**WORK ITEM:** Among the lines of the listing below, retype exactly those from the one containing "在倒计时活动现场,还开展了丰" through the one containing "1ère étage: Hall", both included. Do not include pictures.

**DATA TO PROCESS:**

—————

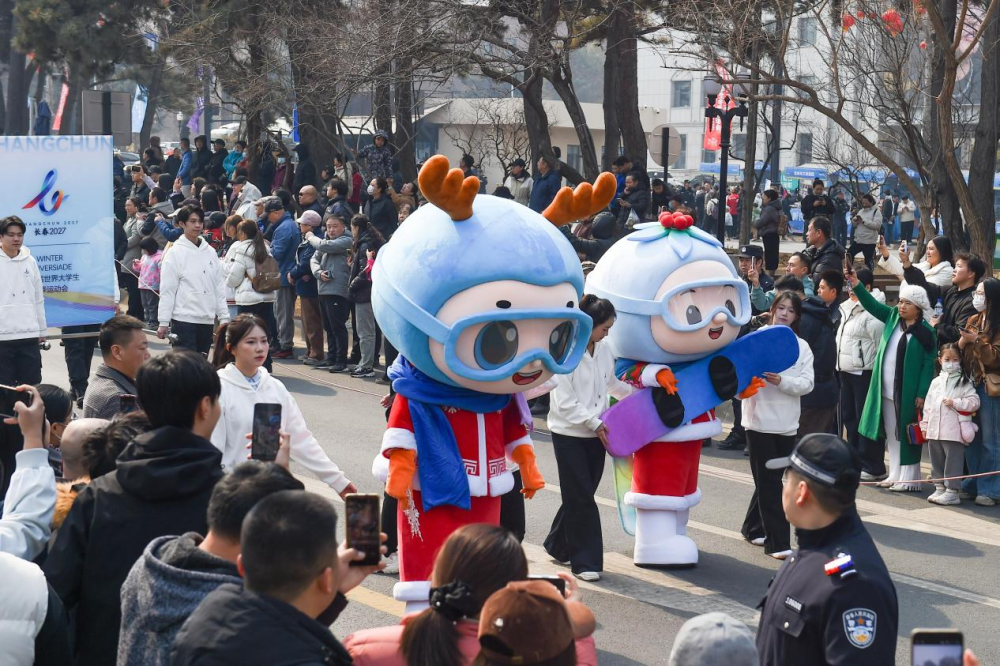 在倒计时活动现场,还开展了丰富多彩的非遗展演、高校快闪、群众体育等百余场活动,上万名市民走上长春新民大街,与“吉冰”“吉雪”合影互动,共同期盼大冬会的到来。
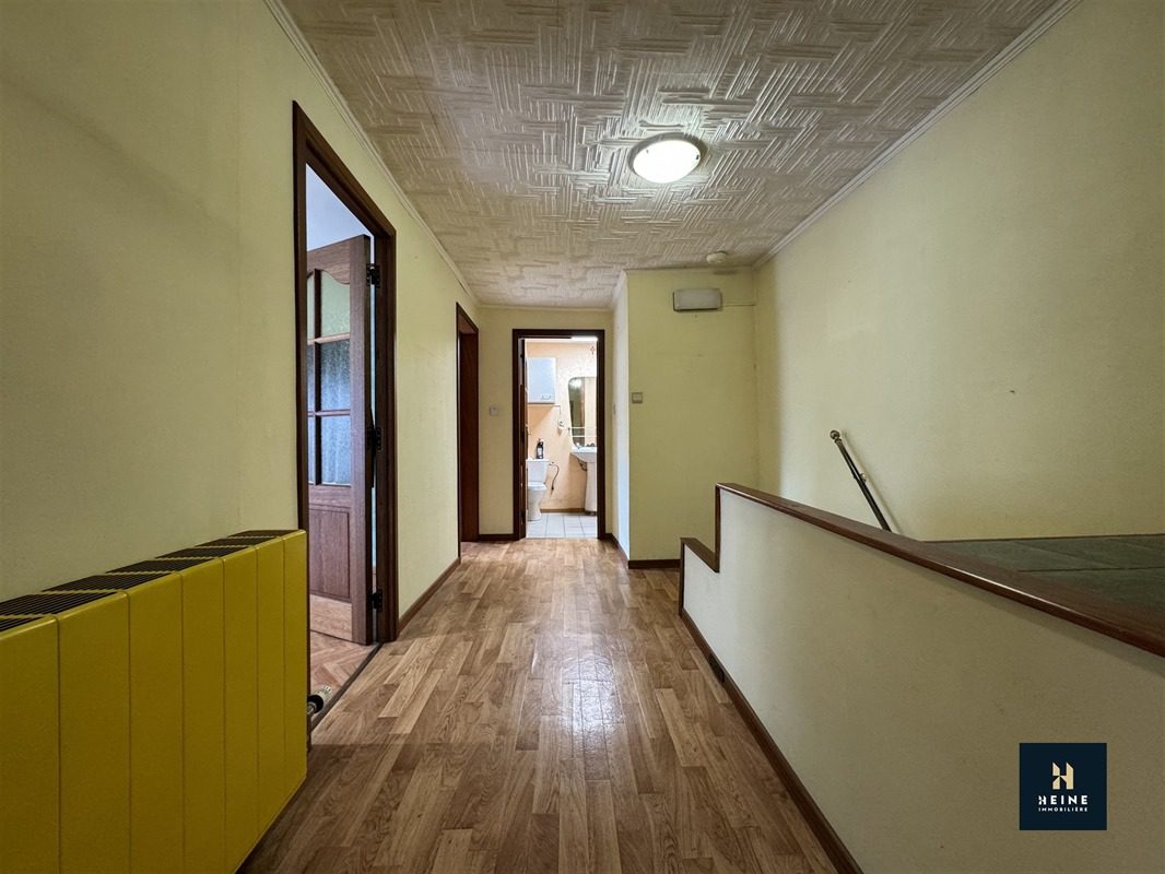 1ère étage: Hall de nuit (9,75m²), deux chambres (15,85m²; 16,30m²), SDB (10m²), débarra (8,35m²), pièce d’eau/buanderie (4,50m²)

—————

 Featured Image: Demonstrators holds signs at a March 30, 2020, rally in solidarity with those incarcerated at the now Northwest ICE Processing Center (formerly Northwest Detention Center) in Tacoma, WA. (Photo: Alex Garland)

—————

**FINAL ANSWER:**
 在倒计时活动现场,还开展了丰富多彩的非遗展演、高校快闪、群众体育等百余场活动,上万名市民走上长春新民大街,与“吉冰”“吉雪”合影互动,共同期盼大冬会的到来。
 1ère étage: Hall de nuit (9,75m²), deux chambres (15,85m²; 16,30m²), SDB (10m²), débarra (8,35m²), pièce d’eau/buanderie (4,50m²)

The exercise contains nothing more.